* TASK TO COMPLETE: Reproduce exactly the lines from the one that holds "Great Seal of James I" through the last line of the entries, both ends included, but not the pictures.

┌─ DATA EXTRACTS

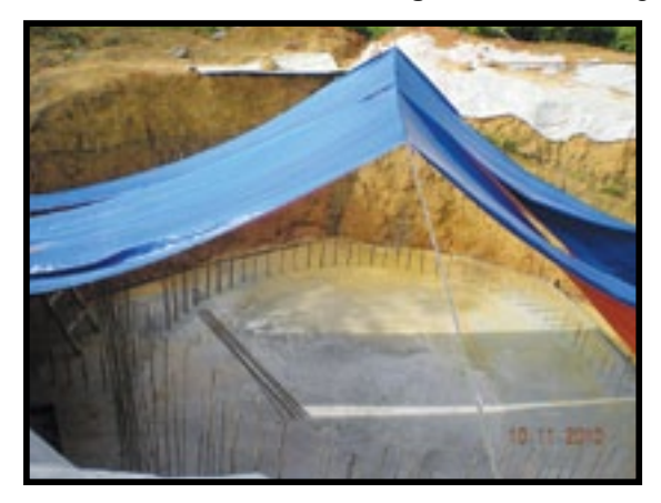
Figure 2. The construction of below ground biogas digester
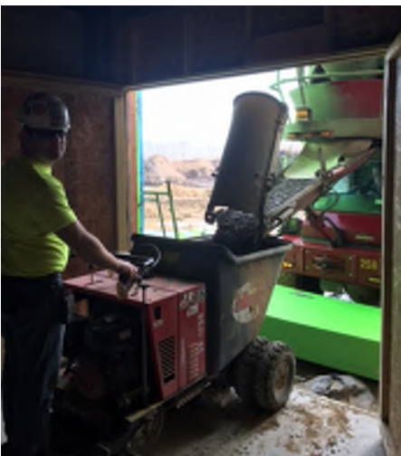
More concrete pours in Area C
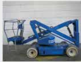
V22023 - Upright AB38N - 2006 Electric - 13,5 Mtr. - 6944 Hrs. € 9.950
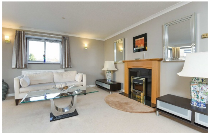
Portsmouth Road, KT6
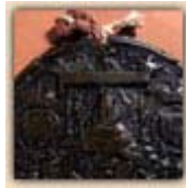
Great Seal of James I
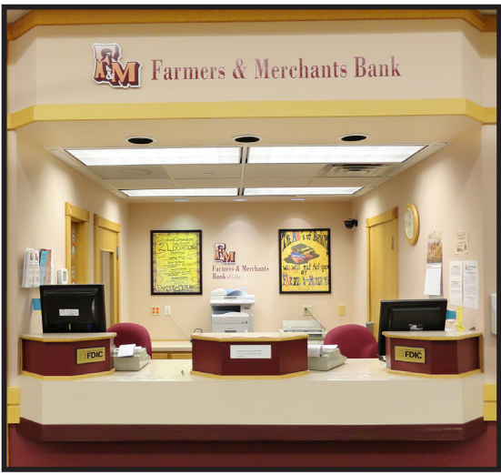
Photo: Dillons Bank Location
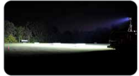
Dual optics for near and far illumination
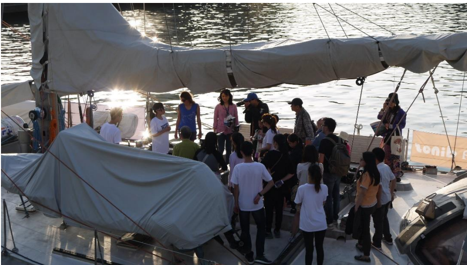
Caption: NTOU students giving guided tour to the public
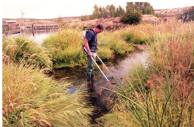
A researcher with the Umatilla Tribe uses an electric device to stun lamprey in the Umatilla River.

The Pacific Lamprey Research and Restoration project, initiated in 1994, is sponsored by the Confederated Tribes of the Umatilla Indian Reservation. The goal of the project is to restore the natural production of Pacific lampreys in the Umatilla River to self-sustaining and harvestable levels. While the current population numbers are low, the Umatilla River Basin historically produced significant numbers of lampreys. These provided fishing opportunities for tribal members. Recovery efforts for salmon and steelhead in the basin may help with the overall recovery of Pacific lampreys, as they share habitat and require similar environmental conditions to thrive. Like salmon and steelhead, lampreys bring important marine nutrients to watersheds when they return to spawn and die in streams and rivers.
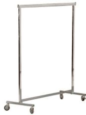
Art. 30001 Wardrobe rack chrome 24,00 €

└─

* TASK ANSWER:
Great Seal of James I
Photo: Dillons Bank Location
Dual optics for near and far illumination
Caption: NTOU students giving guided tour to the public
A researcher with the Umatilla Tribe uses an electric device to stun lamprey in the Umatilla River.

The Pacific Lamprey Research and Restoration project, initiated in 1994, is sponsored by the Confederated Tribes of the Umatilla Indian Reservation. The goal of the project is to restore the natural production of Pacific lampreys in the Umatilla River to self-sustaining and harvestable levels. While the current population numbers are low, the Umatilla River Basin historically produced significant numbers of lampreys. These provided fishing opportunities for tribal members. Recovery efforts for salmon and steelhead in the basin may help with the overall recovery of Pacific lampreys, as they share habitat and require similar environmental conditions to thrive. Like salmon and steelhead, lampreys bring important marine nutrients to watersheds when they return to spawn and die in streams and rivers.
Art. 30001 Wardrobe rack chrome 24,00 €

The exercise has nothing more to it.